It’s a possibility.
Two locations in fact, as indicated on the map (the red zones are where the green stuff could be sold) per the Lakewood City Council Study Session agenda packet for November 13, the map to be found immediately following page 100.
Council is considering several options, everything from “ensuring certainty with a prohibition on marijuana throughout the City,” to ‘reducing buffer zones to accommodate marijuana sales in the place of most benefit to the city.’
Perhaps ironically, the very last line – of the 10 pages related to this subject – provides this staff recommendation: “The City should select the option that best reflects the value the City places on this business type.”
Value verses volume, a provocative choice with which the Council must deal in determining whether, or not, to allow dealers of drugs in the city.
It would appear Councilmember John Simpson favors volume over values.
In the October 4 Tacoma News Tribune (TNT), in endorsing Simpson for reelection, the editorial board said Simpson “would vote to allow retail marijuana in Lakewood not because he personally supports pot sales but because voters have spoken.”
Interesting.
Were the voters heard when the decision was made to legalize the Rental Housing Safety Program (RHSP)?
It may be argued that they weren’t even asked.
Told, but not asked.
Certainly, they were not asked as a survey might have done, like the survey currently circulating among a select few in the city. “The City of Lakewood has questions and it’s turning to its residents for the answers.” But “only those households who were randomly selected may participate in the survey.

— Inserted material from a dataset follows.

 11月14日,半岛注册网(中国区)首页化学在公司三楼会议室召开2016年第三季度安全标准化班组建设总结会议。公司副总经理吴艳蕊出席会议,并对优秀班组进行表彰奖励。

The survey represents the City of Lakewood’s goal of communicating with and engaging its residents” – 1,400 of them anyway.

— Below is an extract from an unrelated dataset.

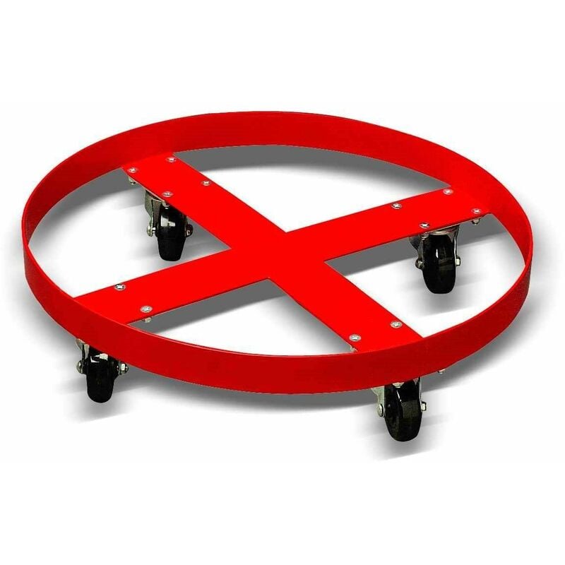 RULLO IN ACCIAIO PER FUSTI DA 200 LITRI, CON 4 RUOTE Accessorio ideale per qualsiasi officina auto. Grazie alle sue 4 ruote piroettanti, vi permetterà di spostare facilmente fusti in acciaio da 200 litri e fusti in plastica da 220 litri. Caratteristiche tecniche: Materiale: acciaio Materiale della ruota: Nylon Diametro: 60 cm Altezza totale: 14,5 cm Diametro della ruota: 7,5 cm Capacità di carico massima: 350Kg Peso: 8Kg Colore: Rosso Dimensioni imballaggio: 62,5x62,5x15 cm ( L x P x A )

Certainly, they were not asked to vote on the matter like the city is soliciting, promoting and advocating on its webpage to bring free, outdoor concerts to Fort Steilacoom in 2018.

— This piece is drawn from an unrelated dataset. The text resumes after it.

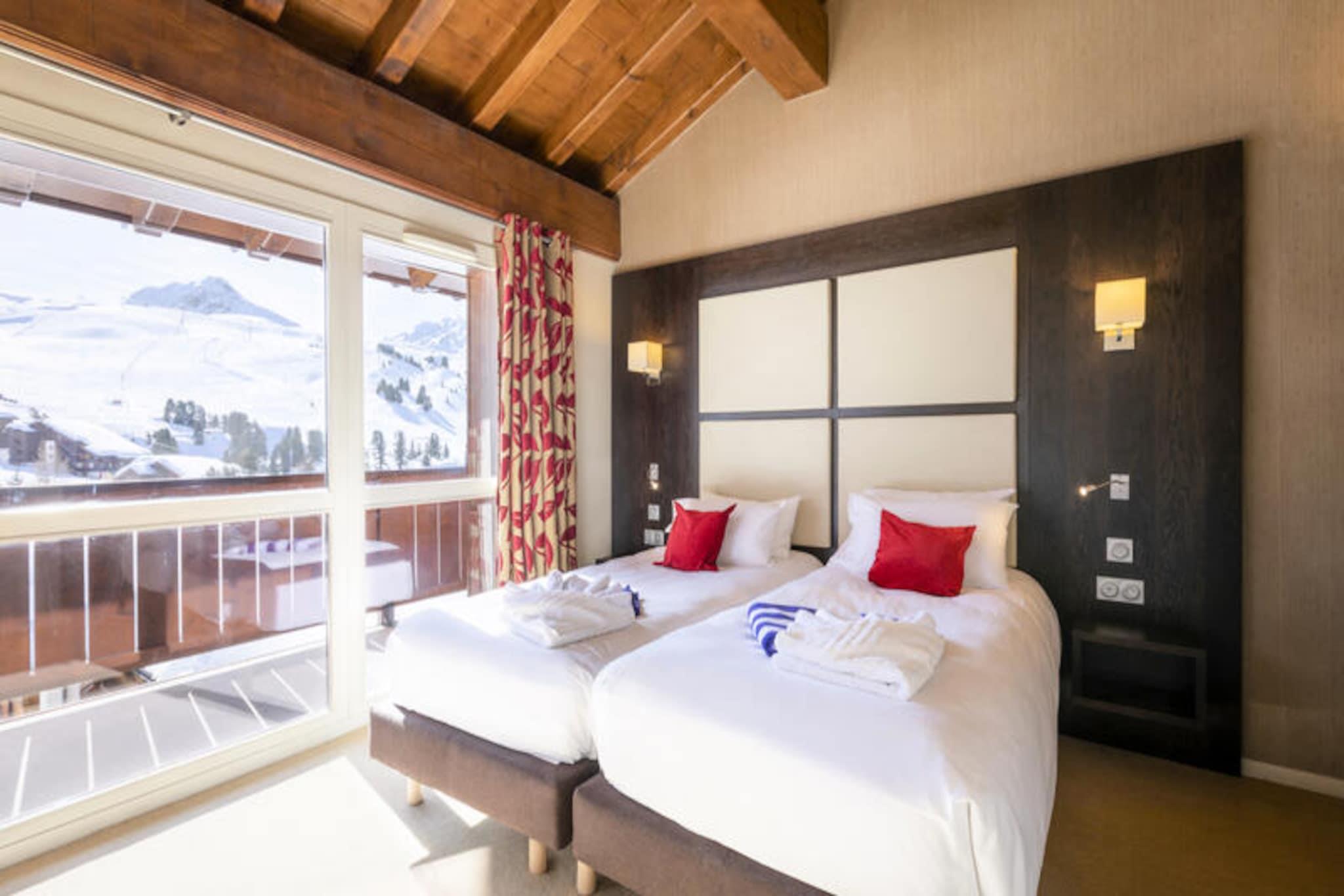 Højt over den fredfyldte Tarentaise-dal inviterer MMV Les Deux Domaines**** Village Club ved indgangen til Belle Plagne dig til at fordybe dig i charmen af ??et traditionelt Savoyard-chaletliv. Den betagende udsigt over de omkringliggende bjerge sætter scenen for et uforglemmeligt alpint tilflugtssted, hvor hvert øjeblik føles som en hyldest til naturens skønhed og ro. Uanset om du er her for at grave dig gennem uberørte skråninger eller blot slappe af blandt de snedækkede tinder, tilbyder denne destination en perfekt blanding af eventyr og afslapning. \n\nVillage Club er designet med komfort og bekvemmelighed i tankerne og kan prale af en række faciliteter for at sikre et mindeværdigt ophold. Slap af i wellness-området, komplet med saunaer og dampbade, eller tag en dukkert i den opvarmede indendørs pool. Familier vil sætte pris på de dedikerede børneklubber, der henvender sig til børn fra 18 måneder til 17 år, og som tilbyder engagerende aktiviteter og endda ledsagelse til skilektioner. Værelserne er omhyggeligt udstyret med to enkeltsenge, en enkeltseng, en privat balkon og moderne bekvemmeligheder som WiFi, hvilket sikrer en hyggelig og forbundet oplevelse. \n\nBeliggenheden er enhver skiløbers drøm med adgang til det vidtstrakte skiområde La Plagne med 425 km pister, der snor sig gennem forskellige landskaber, fra Montchavin-skoven til den majestætiske Bellecôte-gletsjer. Ud over skiløb tilbyder Belle Plagne en pulserende landsbyatmosfære med restauranter, shopping og afterski-muligheder, der fuldender din alpine oplevelse. \n\nUanset om du søger spændende eventyr eller rolige øjeblikke med afslapning, er MMV Les Deux Domaines**** Village Club den perfekte base for din bjergferie. Lad Alpernes magi fange dine sanser og skabe minder, du vil værdsætte for livet.

Certainly, with regards the RHSP there was no SurveyMonkey as is now seeking community input on the development of Lakewood’s downtown.
It can also be argued that those who did speak up at the meetings offered by the city concerning the RHSP were nearly unanimous in opposition.
Yet to hear the City Council tell it, the RHSP decision was based on values, or at least within the law. But it cannot be said that their decision was “because the voters have spoken”.
“Before I made my vote,” wrote Simpson recently in this publication, “I researched the topic; I listened to all points of view; and I believe I made an informed decision to pass the RHSP based on the law and the desire to make Lakewood a more desirable locale in which to live.”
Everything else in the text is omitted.